#### Work to be completed
Word for word, restate the entries below and exclude every image.

Records for the exercise START

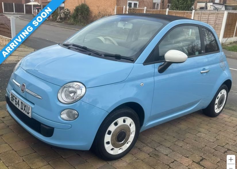 BicesterInsurance Group 12, 2 Previous Owners, 2014 FIAT 500C 1.2 Colour Therapy Convertible Cute, Fun & Ready for Sunny Drives! ?????? If youre looking for a car thats stylish, fun and full of personality, this FIAT 500C 1.2 Colour Therapy Convertible is the perfect match! With its iconic Italian design and electric convertible roof, you can enjoy opentop driving whenever the sun decides to show up. Powered by the reliable 1.2 petrol engine (69 bhp) with a manual gearbox, its economical to run and super easy to drive making it an ideal choice for firsttime drivers, students or anyone wanting a cute city car that stands out from the crowd. The FIAT 500C is famous for its retro styling, fun interior and compact size, meaning its great for city driving and slipping into those tricky parking spaces. Plus, dropping the roof on a sunny day instantly makes every journey feel like a mini road trip. Why youll love it: ???? Convertible soft top perfect for sunny days ???? Stylish Colour Therapy edition with loads of character ? Excellent fuel economy easy on your wallet ????? Small, light and super easy to park ???? Euro 6 (s/s) ULEZ compliant ???? Good service history well looked after About us: Were a small familyrun business, and we pride ourselves on offering friendly service and carefully selected cars. No pressure, just honest advice and a relaxed buying experience. Viewings and test drives are very welcome! Send us a message if youd like more details or want to come and see this lovely convertible its ready for its next adventure! ? "Making Car Buying Simple Enjoyable and Stress Free" Accuracy of Information: While every effort is made to ensure the accuracy of vehicle specifications and details provided in this advertisement, errors, inaccuracies, or omissions may occur. Customers are advised to verify all information directly with the dealership. The features, specifications, options, and accessories described in this advertisement are based on the latest available information at the time of publication. .12V Socket Front, 14in Steel Wheels, 14in Wheel Covers White, ABS AntiLock Braking System, ASR AntiSlip Regulation, Air Conditioning, Airbags Driver, Airbags Front Side, Airbags Passenger, BAS Brake Assistance System, Body Coloured Bumpers, Body Coloured Door Mirrors, Drivers Knee Airbag, Dualdrive Power Steering, EBD Electronic Brakeforce Distribution, ESP Electronic Stability Programme, Electric Front Windows, Fix and Go Puncture Repair Kit, GSI Gear Shift Indicator, Grab Handle, Hill Holder, Locking Wheel Nuts, MSR Motor Slip Regulation, RadioCD and MP3 Player, Remote Central Locking, Seats Passengers Memory Function, Space Saver Spare Wheel, Steering Wheel Height Adjustment, Steering Wheel Ivory, Thermal Windows, Tyre Pressure Monitor System, Window Airbags, Blue&Me Hands Free System with USB Port, Cloth Grey with Ivory Ambience and Black Roof, Steering Wheel Leather with Audio Controls, Stickers Ivory Flower, Volare Blue
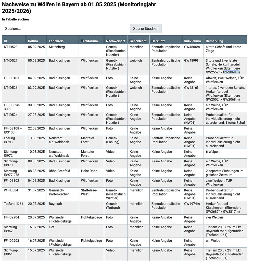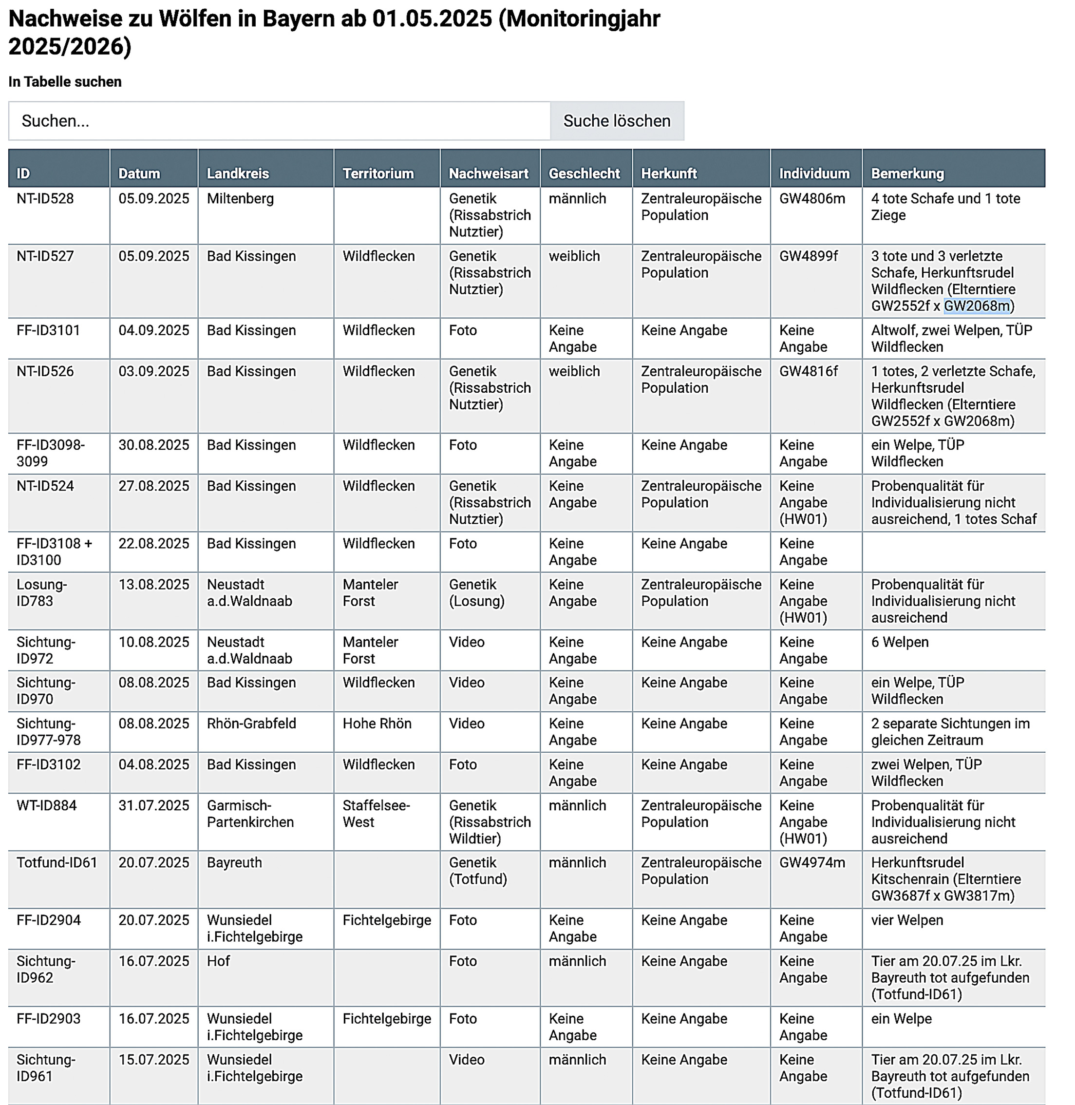 Auszug aus der Rissliste Bayern. https://www.lfu.bayern.de/natur/wildtiermanagement_grosse_beutegreifer/wolf/monitoring/index.htm
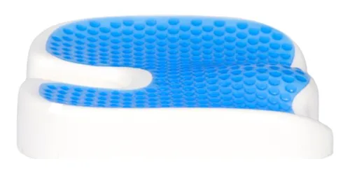 Almofada ortopédica anatômica para cóccix em espuma viscoelástica e bolhas de silicone gel.
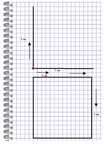 Ставим точку. Помним, что у квадрата все стороны равны. Откладываем вверх 7 см, вправо – 7 см. Чертим противоположные стороны по 7 см.
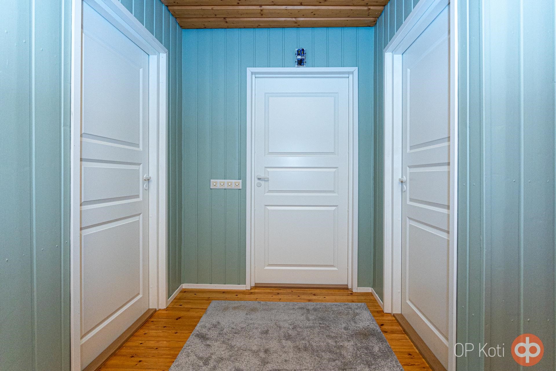 Keittiö: ponttilauta/laatta/paneeli. Olohuone: ponttilauta/maalattu paneeli ja maali/paneeli. Makuuhuone 1: ponttilauta/tapetti ja maalattu paneeli/paneeli. Makuuhuone 2: ponttilauta/maali ja maalattu paneeli/paneeli. Makuuhuone 3: ponttilauta/maali ja maalattu paneeli/paneeli. Kodinhoitohuone: muovi/paneeli ja maalattu levy/paneeli. Sauna: laatta/paneeli/paneeli. Kylpyhuone: laatta/laatta/paneeli. Eteinen: ponttilauta/maalattu paneeli/paneeli. Wc: laatta/laatta/paneeli. Takkahuone: ponttilauta/paneeli/paneeli.
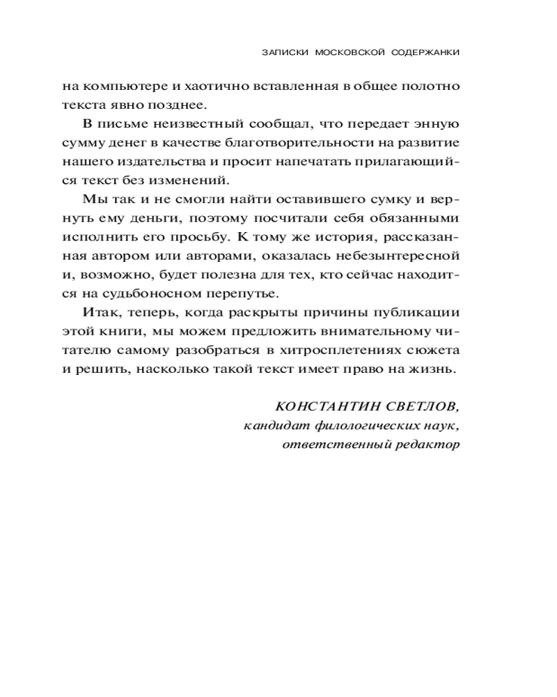 «Искрометная книга про будни содержанок. Истории, которые вы вряд ли где-то услышите еще. Будоражит! Заставляет смеяться, плакать, а иногда застыть от удивления: „Такое тоже бывает?“ Помогает посмотреть на свою жизнь со стороны и начать ценить ее еще больше». — Лариса Парфентьева, писатель |
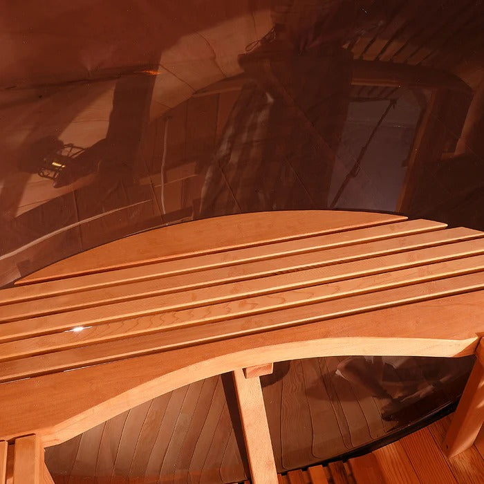 Built-In Flooring & Premium Benches: Includes ergonomic benches with an arched seat design for optimal comfort during sauna sessions.
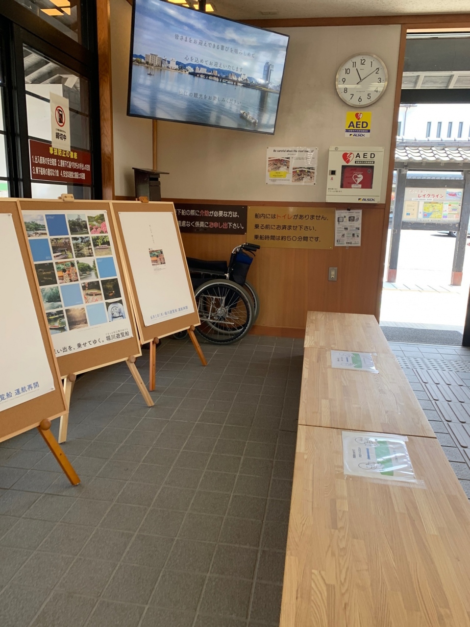 松江城のお堀を小舟でまわるツアーを体験できます。平日だったので空いていました。最近リニューアルされた待合室もきれいで、新しいカフェも入っていてよかったです。待合室のベンチは感染対策で座れない場所も等間隔に設けられていました。
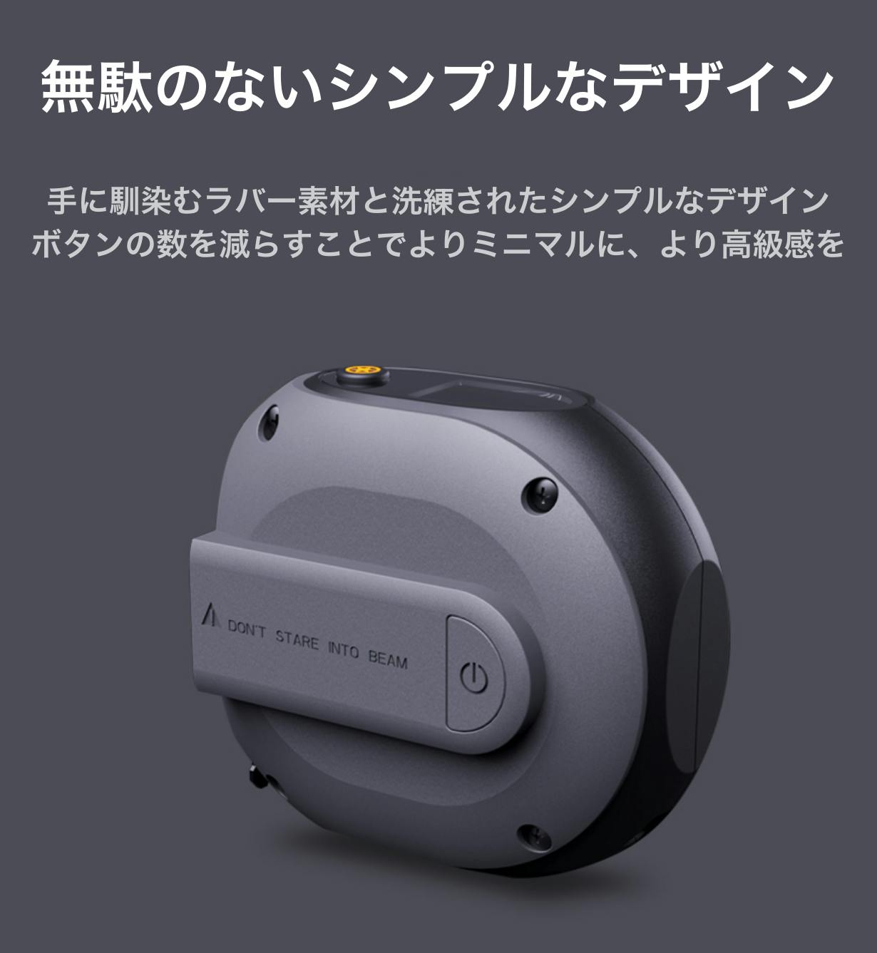 ①スイッチボタンを長押しして電源&レーザーをONにします。

Records for the exercise END

#### Task result
 BicesterInsurance Group 12, 2 Previous Owners, 2014 FIAT 500C 1.2 Colour Therapy Convertible Cute, Fun & Ready for Sunny Drives! ?????? If youre looking for a car thats stylish, fun and full of personality, this FIAT 500C 1.2 Colour Therapy Convertible is the perfect match! With its iconic Italian design and electric convertible roof, you can enjoy opentop driving whenever the sun decides to show up. Powered by the reliable 1.2 petrol engine (69 bhp) with a manual gearbox, its economical to run and super easy to drive making it an ideal choice for firsttime drivers, students or anyone wanting a cute city car that stands out from the crowd. The FIAT 500C is famous for its retro styling, fun interior and compact size, meaning its great for city driving and slipping into those tricky parking spaces. Plus, dropping the roof on a sunny day instantly makes every journey feel like a mini road trip. Why youll love it: ???? Convertible soft top perfect for sunny days ???? Stylish Colour Therapy edition with loads of character ? Excellent fuel economy easy on your wallet ????? Small, light and super easy to park ???? Euro 6 (s/s) ULEZ compliant ???? Good service history well looked after About us: Were a small familyrun business, and we pride ourselves on offering friendly service and carefully selected cars. No pressure, just honest advice and a relaxed buying experience. Viewings and test drives are very welcome! Send us a message if youd like more details or want to come and see this lovely convertible its ready for its next adventure! ? "Making Car Buying Simple Enjoyable and Stress Free" Accuracy of Information: While every effort is made to ensure the accuracy of vehicle specifications and details provided in this advertisement, errors, inaccuracies, or omissions may occur. Customers are advised to verify all information directly with the dealership. The features, specifications, options, and accessories described in this advertisement are based on the latest available information at the time of publication. .12V Socket Front, 14in Steel Wheels, 14in Wheel Covers White, ABS AntiLock Braking System, ASR AntiSlip Regulation, Air Conditioning, Airbags Driver, Airbags Front Side, Airbags Passenger, BAS Brake Assistance System, Body Coloured Bumpers, Body Coloured Door Mirrors, Drivers Knee Airbag, Dualdrive Power Steering, EBD Electronic Brakeforce Distribution, ESP Electronic Stability Programme, Electric Front Windows, Fix and Go Puncture Repair Kit, GSI Gear Shift Indicator, Grab Handle, Hill Holder, Locking Wheel Nuts, MSR Motor Slip Regulation, RadioCD and MP3 Player, Remote Central Locking, Seats Passengers Memory Function, Space Saver Spare Wheel, Steering Wheel Height Adjustment, Steering Wheel Ivory, Thermal Windows, Tyre Pressure Monitor System, Window Airbags, Blue&Me Hands Free System with USB Port, Cloth Grey with Ivory Ambience and Black Roof, Steering Wheel Leather with Audio Controls, Stickers Ivory Flower, Volare Blue
 Auszug aus der Rissliste Bayern. https://www.lfu.bayern.de/natur/wildtiermanagement_grosse_beutegreifer/wolf/monitoring/index.htm
 Almofada ortopédica anatômica para cóccix em espuma viscoelástica e bolhas de silicone gel.
 Ставим точку. Помним, что у квадрата все стороны равны. Откладываем вверх 7 см, вправо – 7 см. Чертим противоположные стороны по 7 см.
 Keittiö: ponttilauta/laatta/paneeli. Olohuone: ponttilauta/maalattu paneeli ja maali/paneeli. Makuuhuone 1: ponttilauta/tapetti ja maalattu paneeli/paneeli. Makuuhuone 2: ponttilauta/maali ja maalattu paneeli/paneeli. Makuuhuone 3: ponttilauta/maali ja maalattu paneeli/paneeli. Kodinhoitohuone: muovi/paneeli ja maalattu levy/paneeli. Sauna: laatta/paneeli/paneeli. Kylpyhuone: laatta/laatta/paneeli. Eteinen: ponttilauta/maalattu paneeli/paneeli. Wc: laatta/laatta/paneeli. Takkahuone: ponttilauta/paneeli/paneeli.
 «Искрометная книга про будни содержанок. Истории, которые вы вряд ли где-то услышите еще. Будоражит! Заставляет смеяться, плакать, а иногда застыть от удивления: „Такое тоже бывает?“ Помогает посмотреть на свою жизнь со стороны и начать ценить ее еще больше». — Лариса Парфентьева, писатель |
 Built-In Flooring & Premium Benches: Includes ergonomic benches with an arched seat design for optimal comfort during sauna sessions.
 松江城のお堀を小舟でまわるツアーを体験できます。平日だったので空いていました。最近リニューアルされた待合室もきれいで、新しいカフェも入っていてよかったです。待合室のベンチは感染対策で座れない場所も等間隔に設けられていました。
 ①スイッチボタンを長押しして電源&レーザーをONにします。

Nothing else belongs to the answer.